ACTIVITY
Repeat all of the data word for word so that only the pictures are missing from the copy.

SUPPLIED DATA
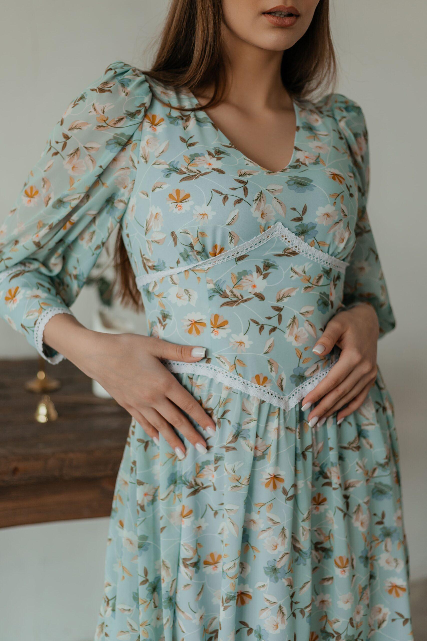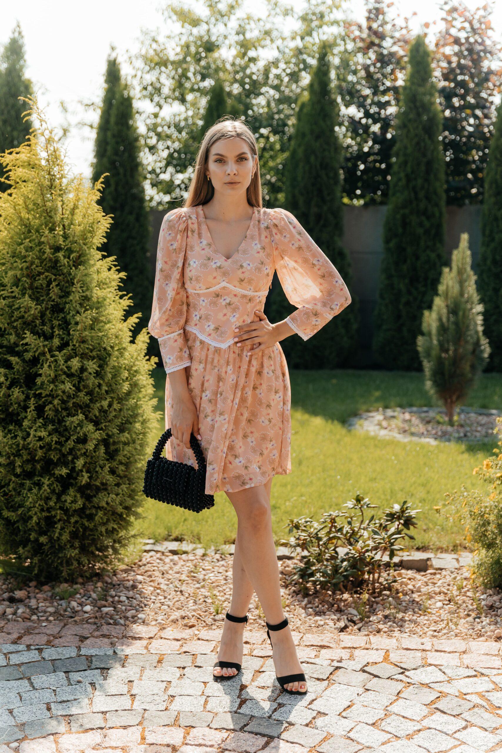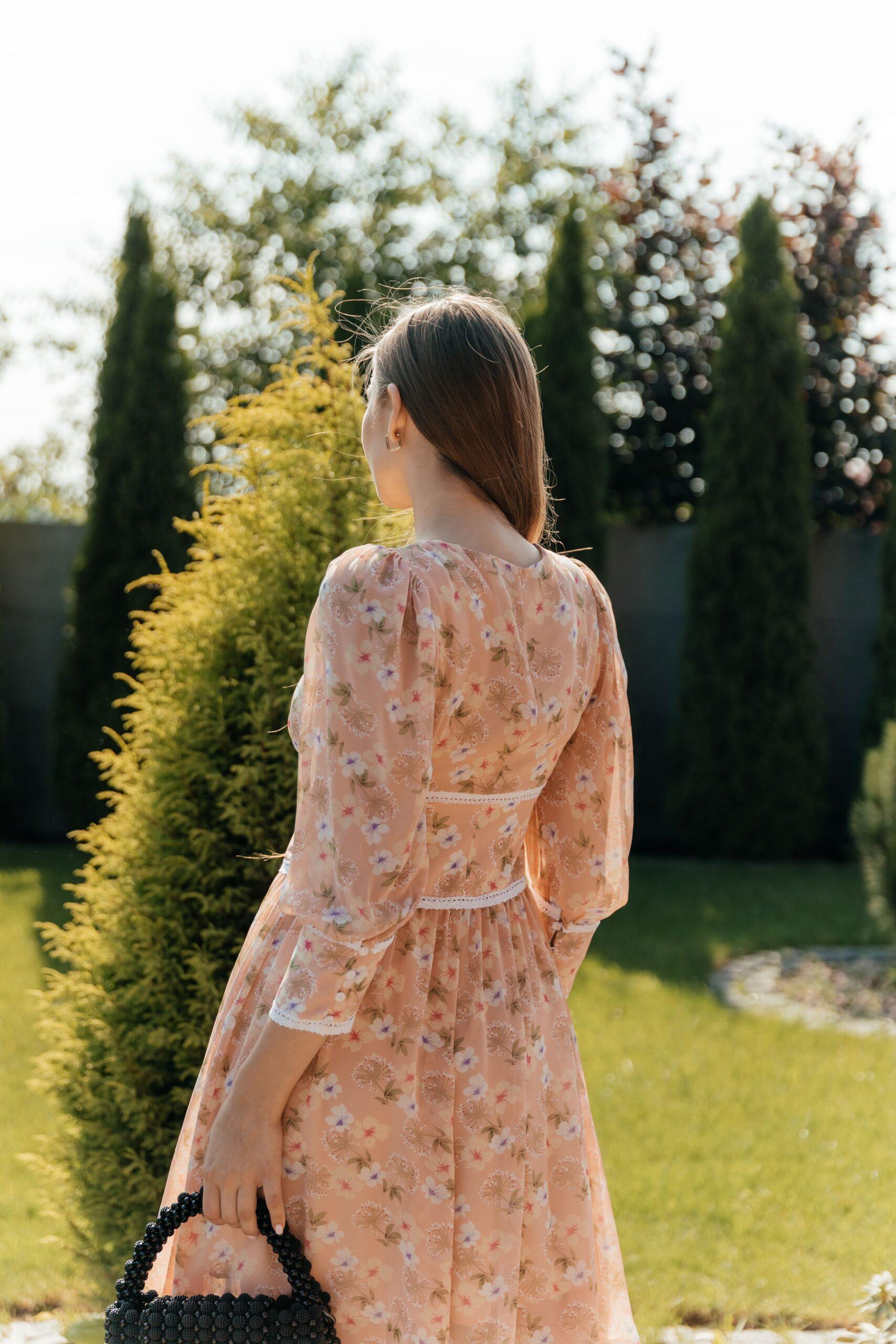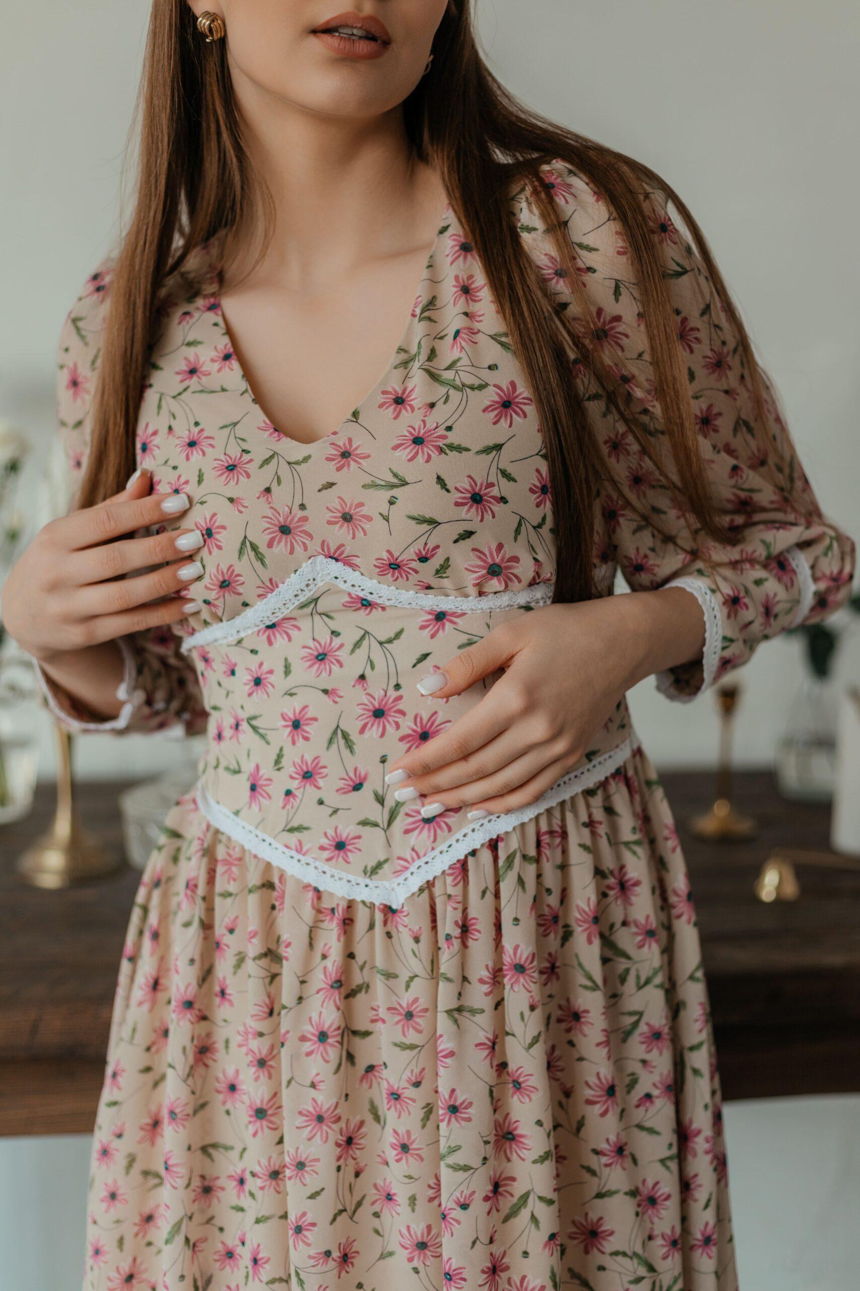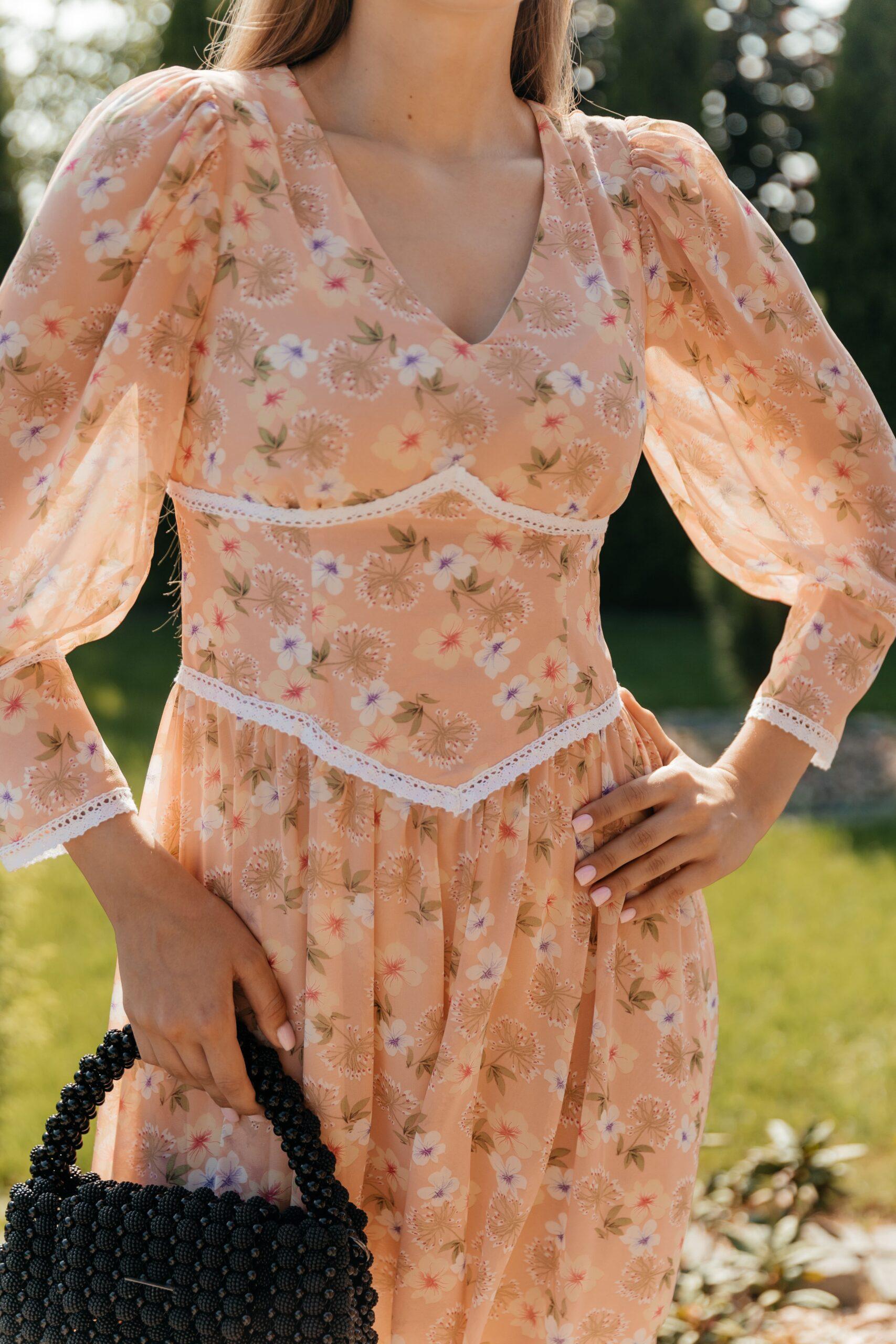 Платье женское, шифоновое, длины мини, с четвертным рукавом на высокой манжете. Модель легкая, воздушная, с V- образным вырезом, и отделкой из шитья в зоне талии.
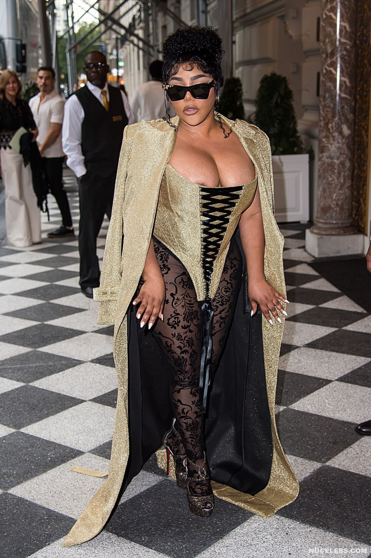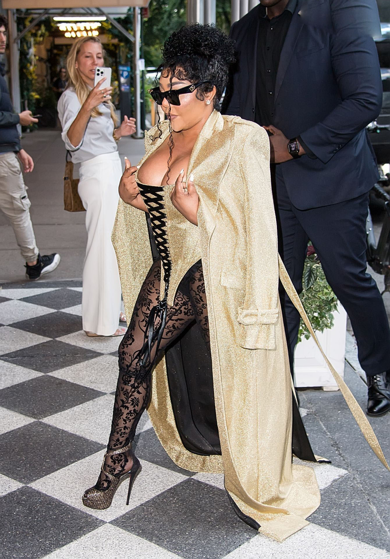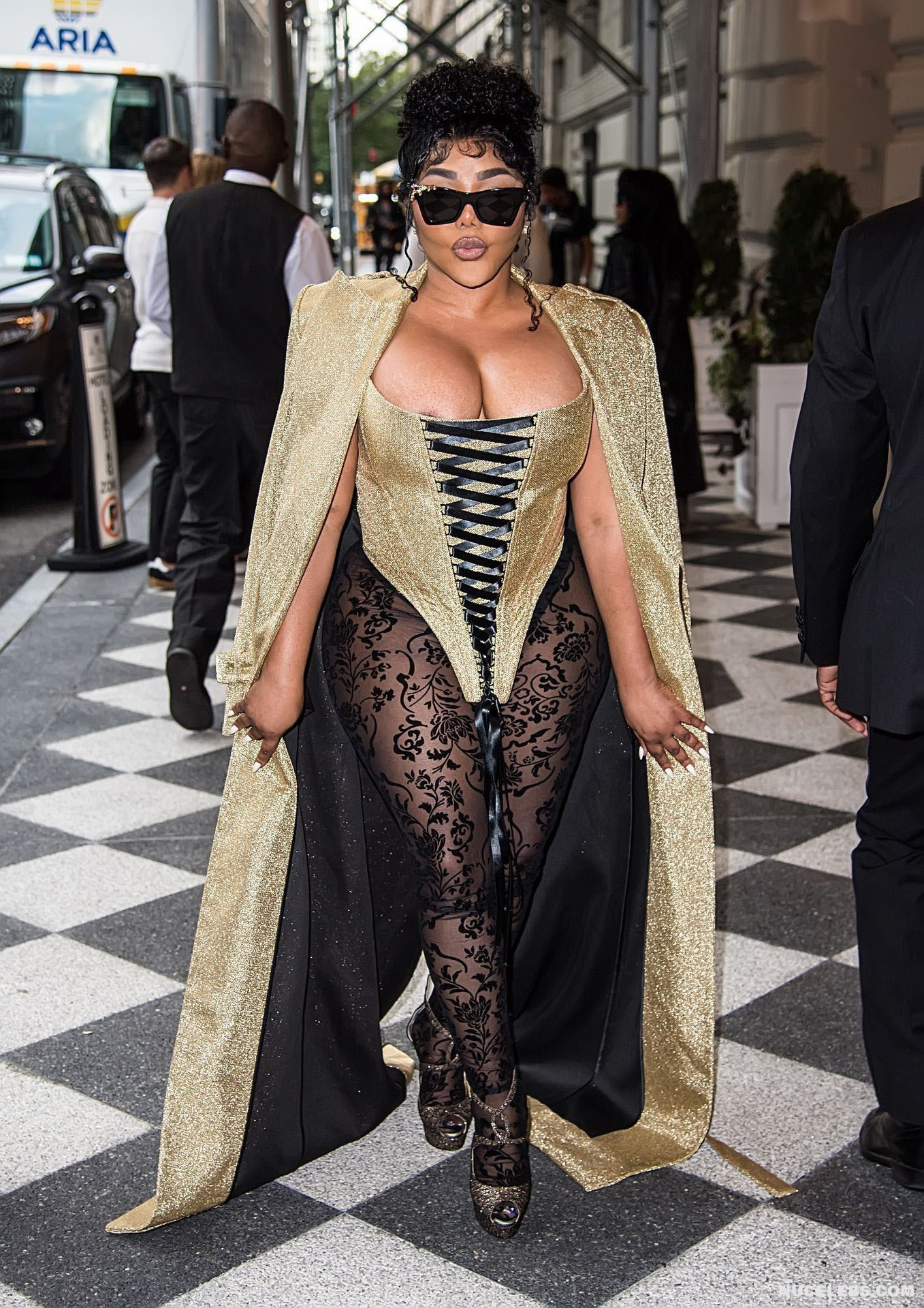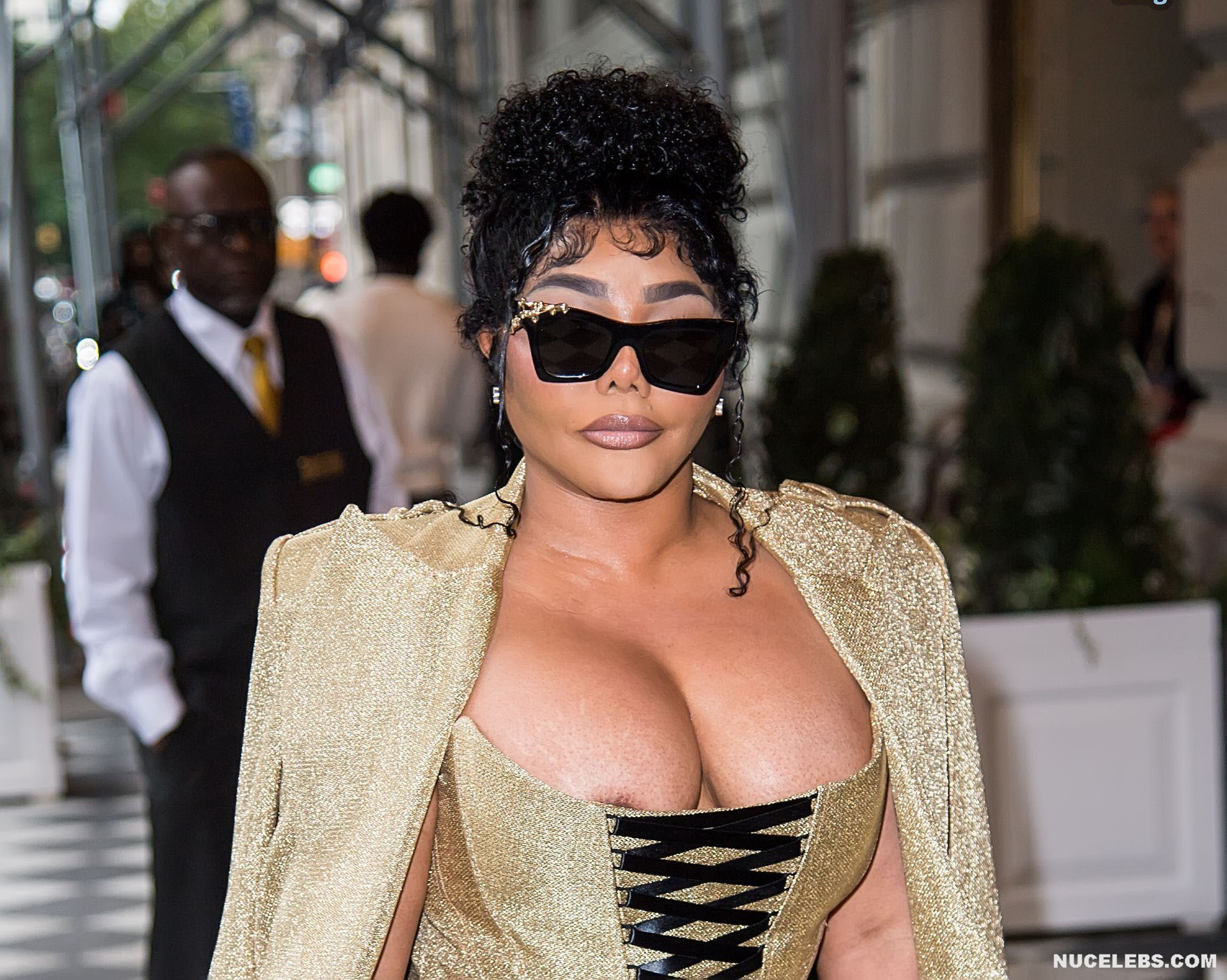 Lil Kim’s charm is undeniable, and she moves with an elegance that leaves everyone in awe. When this singer appeared on the street in a corset, black fantasy tights, and a long golden coat, she made everyone turn around. Her perfectly styled hair added to her captivating allure. However, what attracted the most attention was Lil Kim’s huge juicy tits, the nipples of which slipped out for a moment!
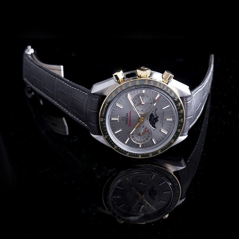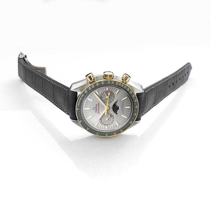 The OMEGA Speedmaster Moonwatch Co$$xial Master Chronometer Moonphase Chronograph 304.23.44.52.06.001 belongs to the legendary collection that has been to all six lunar missions. Filling the brand with pride is this new model with new Moonphase that integrates two small yet photo-realistic moons. Protected by an anti-reflective, scratch-resistant sapphire crystal is the grey sun-brushed dial. It includes two sub-dials, diamond-polished 18K yellow gold indices, and matching luminous hands. Above 6 o'clock position is the Moonphase indicator. Green ceramic bezel with Ceragold$$tachymeter scale gives the 44.25mm watch its final look, while it keeps running on the METAS-certified, OMEGA Co-Axial Master Chronometer 9904.

TASK ANSWER
 Платье женское, шифоновое, длины мини, с четвертным рукавом на высокой манжете. Модель легкая, воздушная, с V- образным вырезом, и отделкой из шитья в зоне талии.
 Lil Kim’s charm is undeniable, and she moves with an elegance that leaves everyone in awe. When this singer appeared on the street in a corset, black fantasy tights, and a long golden coat, she made everyone turn around. Her perfectly styled hair added to her captivating allure. However, what attracted the most attention was Lil Kim’s huge juicy tits, the nipples of which slipped out for a moment!
 The OMEGA Speedmaster Moonwatch Co$$xial Master Chronometer Moonphase Chronograph 304.23.44.52.06.001 belongs to the legendary collection that has been to all six lunar missions. Filling the brand with pride is this new model with new Moonphase that integrates two small yet photo-realistic moons. Protected by an anti-reflective, scratch-resistant sapphire crystal is the grey sun-brushed dial. It includes two sub-dials, diamond-polished 18K yellow gold indices, and matching luminous hands. Above 6 o'clock position is the Moonphase indicator. Green ceramic bezel with Ceragold$$tachymeter scale gives the 44.25mm watch its final look, while it keeps running on the METAS-certified, OMEGA Co-Axial Master Chronometer 9904.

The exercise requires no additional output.